Problem statement. Copy task. Retype the whole listing exactly, omitting any picture in it.

Dataset extract.
- Opening Delimiter -
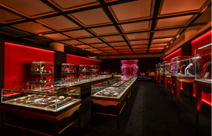 其中,盛世華彩·傳承系列的唐馬套系,以現(xiàn)藏于陜西歷史博物館的唐三彩馬三花馬為原型,采用傳統(tǒng)黃金鑄造、花絲、 鏨刻魚子地等工藝的基礎(chǔ)上,加之藝術(shù)加工與文化創(chuàng)意,再現(xiàn)大唐盛世開放融合的生活之態(tài);從古至今,葫蘆文化有著數(shù)千年的歷史積淀,以其獨(dú)特的歷史淵源在現(xiàn)代文化中占據(jù)重要地位,是中華吉祥文化的代表象征。展柜中陳列著各式各樣的葫蘆作品,不僅僅造型上精心雕琢、美輪美奐,工藝上采用黃金花絲、琺瑯、鏨刻等多重工藝表達(dá)傳統(tǒng)文化的美,也將富貴長(zhǎng)壽、福祿雙全的吉祥祝福寄托于物;“洛陽親友如相問,一片冰心在玉壺”,品牌借由國(guó)玉·傳承系列的玉承萬代和田玉茶具表達(dá)出牽絆著遠(yuǎn)行人的心緒,將品牌對(duì)生活美學(xué)的研究和融入發(fā)揮至極致。
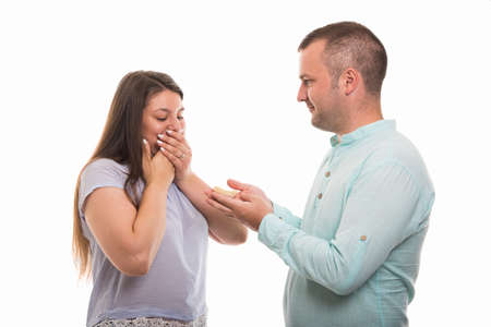 Will you marry me. Photo of gorgeous couple of two people with him proposing to her gifting a ring and her rejoicing before saying yes wearing, jeans denim isolated white grey color background
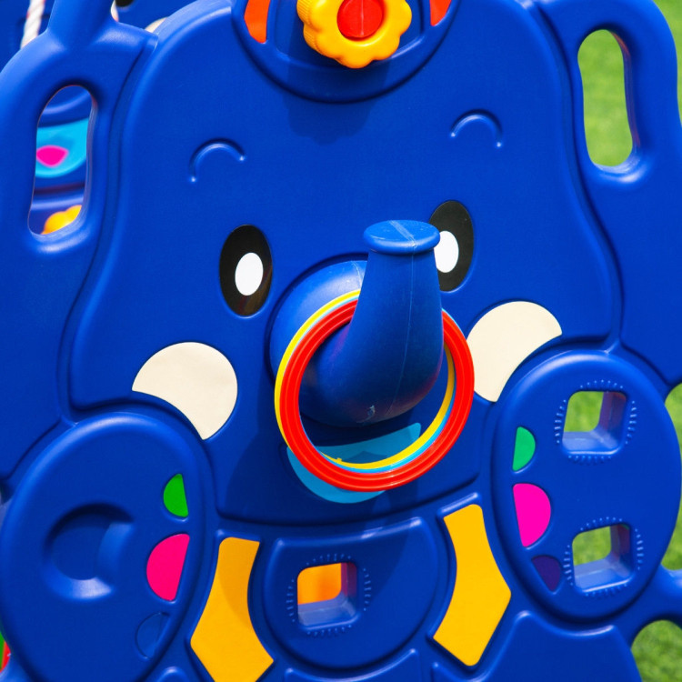 Perfect for toddlers: The bright and colorful 3-in-1 climber features a smooth slide; a sturdy swing and a basketball hoop; which is intended for family and domestic outdoor use. All activity elements are appropriately sized for toddlersLearn to toss: There are some ringers on the nose of the elephant and there is also a basketball hoop on the other side of the climber. Kids can learn to toss with the process of having fun in playing basketball and throwing the ringersSmooth slide: Toddlers can climb the stairs and zip down the slide. The climber is easy for little ones to climb up to the slide landing and the gentle slope slide is designed for soft landingsSafe swing: The swing can maximum hold 66lbs with strong hangers; and with a secure hand; your kids will keep safe during playtimeEasy to clean and durable: Durable poly construction wipes clean easily and lasts for years
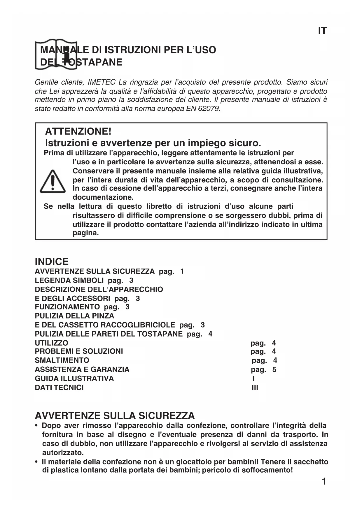 220-240 V 50 Hz 750 WIT MANUALE DI ISTRUZIONI PER L’USO DEL TOSTAPANE Gentile cliente, IMETEC La ringrazia per l’acquisto del presente prodotto. Siamo sicuri
- Closing Delimiter -
Answer section.
 其中,盛世華彩·傳承系列的唐馬套系,以現(xiàn)藏于陜西歷史博物館的唐三彩馬三花馬為原型,采用傳統(tǒng)黃金鑄造、花絲、 鏨刻魚子地等工藝的基礎(chǔ)上,加之藝術(shù)加工與文化創(chuàng)意,再現(xiàn)大唐盛世開放融合的生活之態(tài);從古至今,葫蘆文化有著數(shù)千年的歷史積淀,以其獨(dú)特的歷史淵源在現(xiàn)代文化中占據(jù)重要地位,是中華吉祥文化的代表象征。展柜中陳列著各式各樣的葫蘆作品,不僅僅造型上精心雕琢、美輪美奐,工藝上采用黃金花絲、琺瑯、鏨刻等多重工藝表達(dá)傳統(tǒng)文化的美,也將富貴長(zhǎng)壽、福祿雙全的吉祥祝福寄托于物;“洛陽親友如相問,一片冰心在玉壺”,品牌借由國(guó)玉·傳承系列的玉承萬代和田玉茶具表達(dá)出牽絆著遠(yuǎn)行人的心緒,將品牌對(duì)生活美學(xué)的研究和融入發(fā)揮至極致。
 Will you marry me. Photo of gorgeous couple of two people with him proposing to her gifting a ring and her rejoicing before saying yes wearing, jeans denim isolated white grey color background
 Perfect for toddlers: The bright and colorful 3-in-1 climber features a smooth slide; a sturdy swing and a basketball hoop; which is intended for family and domestic outdoor use. All activity elements are appropriately sized for toddlersLearn to toss: There are some ringers on the nose of the elephant and there is also a basketball hoop on the other side of the climber. Kids can learn to toss with the process of having fun in playing basketball and throwing the ringersSmooth slide: Toddlers can climb the stairs and zip down the slide. The climber is easy for little ones to climb up to the slide landing and the gentle slope slide is designed for soft landingsSafe swing: The swing can maximum hold 66lbs with strong hangers; and with a secure hand; your kids will keep safe during playtimeEasy to clean and durable: Durable poly construction wipes clean easily and lasts for years
 220-240 V 50 Hz 750 WIT MANUALE DI ISTRUZIONI PER L’USO DEL TOSTAPANE Gentile cliente, IMETEC La ringrazia per l’acquisto del presente prodotto. Siamo sicuri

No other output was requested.